A response to hatred

Like many in the Duke and Durham community, I was deeply distressed to learn of last week’s appearances of white nationalist materials on campus. This follows the heart-wrenching vandalism from the week before, in which a swastika defaced a beautiful tribute to Pittsburgh’s synagogue victims. And like many in the community, I am both infuriated and bewildered that such grotesque acts are occurring in the place I have lived, worked and raised my family for over 15 years.

My immediate instinct was to echo prior statements that hatred of any kind has no place in our community, and that we must work together to eradicate all despicable intolerance from within. But upon reflection, I’m not sure that’s the right message.  As an active member of both Duke’s and Durham’s Jewish community—my work includes a stint as president of a Durham synagogue and a term on the board at Durham’s Jewish day school—I have dedicated considerable hours to building a Jewish life for my family, children and fellow congregants. Thinking of them, and of the community, makes me reconsider the instinctive reaction.

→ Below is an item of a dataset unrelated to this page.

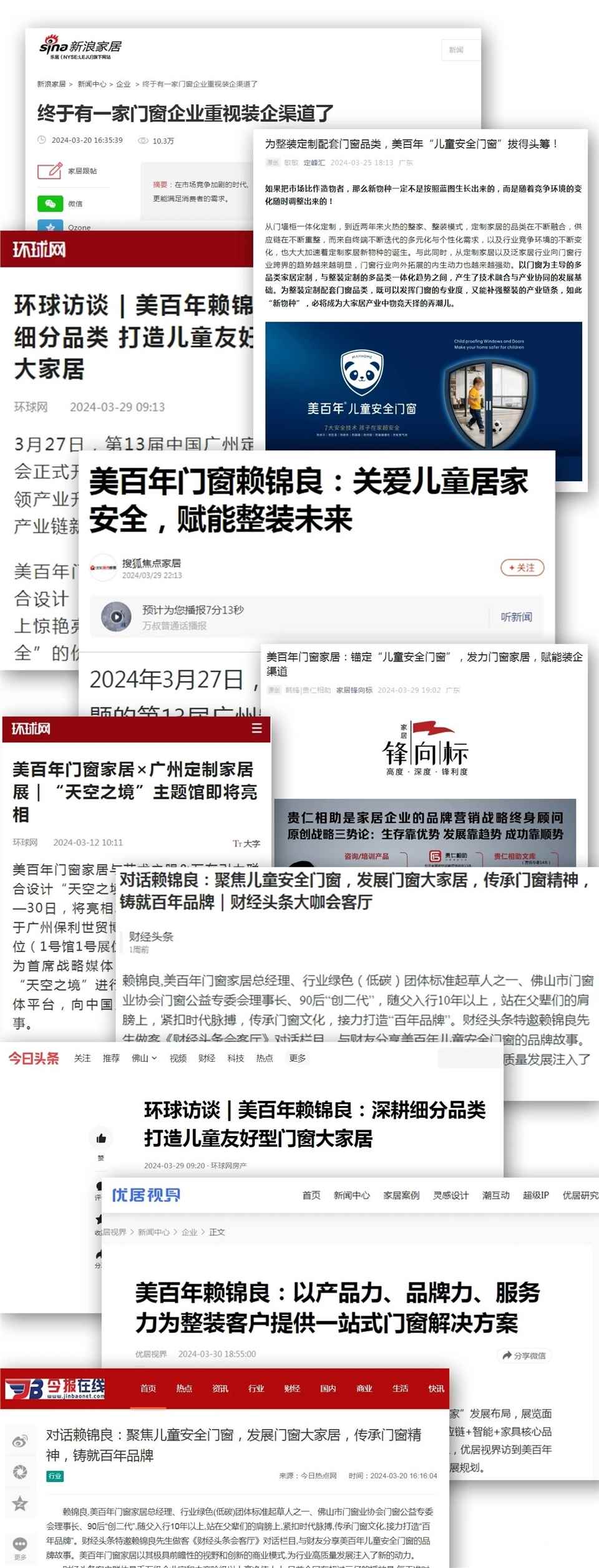 央媒代表環球網家居,財經頭條,行業媒體泛家居圈,美家美戶,主流門戶新浪家居、搜狐、騰訊,中華門窗網,網紅自媒體等多個媒體爭先報道,以媒體力量,傳播“天空之境”的設計初心,為未能來現場的用戶朋友們實現“云觀展”,讓更多用戶和商家了解到美百年“門窗定制+全鋁定制”的產品實力和“連鎖門店零售”+“整裝裝企渠道”的合作模式,助力“兒童安全門窗家居”可以通過更多元化渠道觸達用戶。
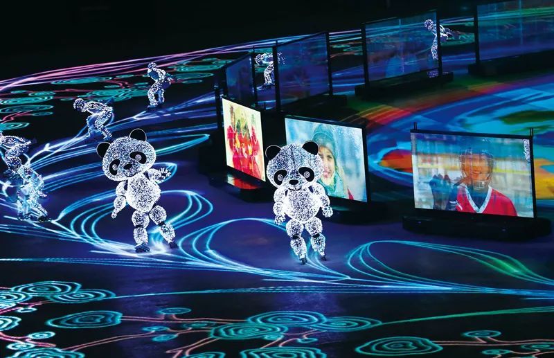 2018年2月25日,在平昌冬奧會閉幕式“北京8分鐘”表演中,由沈陽新松機器人自動化股份有限公司研發的智能移動機器人與輪滑演員進行表演。 新華社記者 李鋼/攝

After a Thanksgiving of reflection, I can distill my thoughts into two messages.

First, to those who are peddling in Neo-Nazi symbols: you are not succeeding. With each act of vandalism, anonymous posting, or graffitied swastika, my inbox is filled with messages of support from my non-Jewish colleagues and friends. I am certain that every Jewish student and staff person can report the same.  With each effort to intimidate, you are triggering an outpouring of support for Jews at Duke and in Durham. With each attempt to make Jews feel uncomfortable here, you are reminding us that we belong.

You also should know that part of your failure is in how antithetical your effort is to the university’s mission. We value ideas, and you have not expressed any ideas. Stickers and pamphlets are not ideas. Swastikas and hanging nooses are not ideas. Defacements are certainly not ideas (and are themselves grounds for real punishment). You are welcome as members of our university community if you live by the rules that the rest of us follow: you must engage in civil discourse, articulate ideas, and support claims with reason and evidence. We do not strive for ideological uniformity—to the contrary, we embrace a diversity of ideas and would benefit from constructive dialogue between all political circles—but the university’s first principles demand a language of substance.

And to my fellow Jewish community members, especially to our undergraduates: I am honored to share this place with you. I hope you know how important you are to those of us who have made Durham our home, and I hope you also know how special this community is. I am overjoyed, as you should be, that ours is a community that created the beautiful Pittsburgh tribute at the free expression tunnel. A disgraceful defacement does not change who we are.

We should also remind ourselves of our history. One of our people’s remarkable achievements has been our ability to make a home in unfamiliar places. We have wandered the globe to make homes in distant corners, each time building community bonds while becoming patriots and cornerstones in the states where we settle. We have now made our home in Durham, N.C., and we thrive here as we’ve thrived elsewhere. That is our quiet but overwhelming response to hatred.  

And Duke, at its core, is the mirror image of our story: it has prospered as it has grown from a regional to a national to an international university. Its strength has been its openness to scholars from across the world. Just as we have thrived by dispersing to unfamiliar places, Duke thrives by gathering diversity and teaching all of us about the unfamiliar.

You should know that Duke is an exceptional place for you, for us. Yes, we will speak with one voice against hateful prejudice, and we must show love and support for our Muslim, African-American, Mormon, undocumented, and other community members that have been targets of hate and intolerance. But our better weapon is the same as our primary task here. We should embrace the stimulating intellectual and cultural community that surrounds us—we should learn, study, grow and thrive—and make this the home that we want it to be.

Barak Richman is the Bartlett Professor of law and business administration.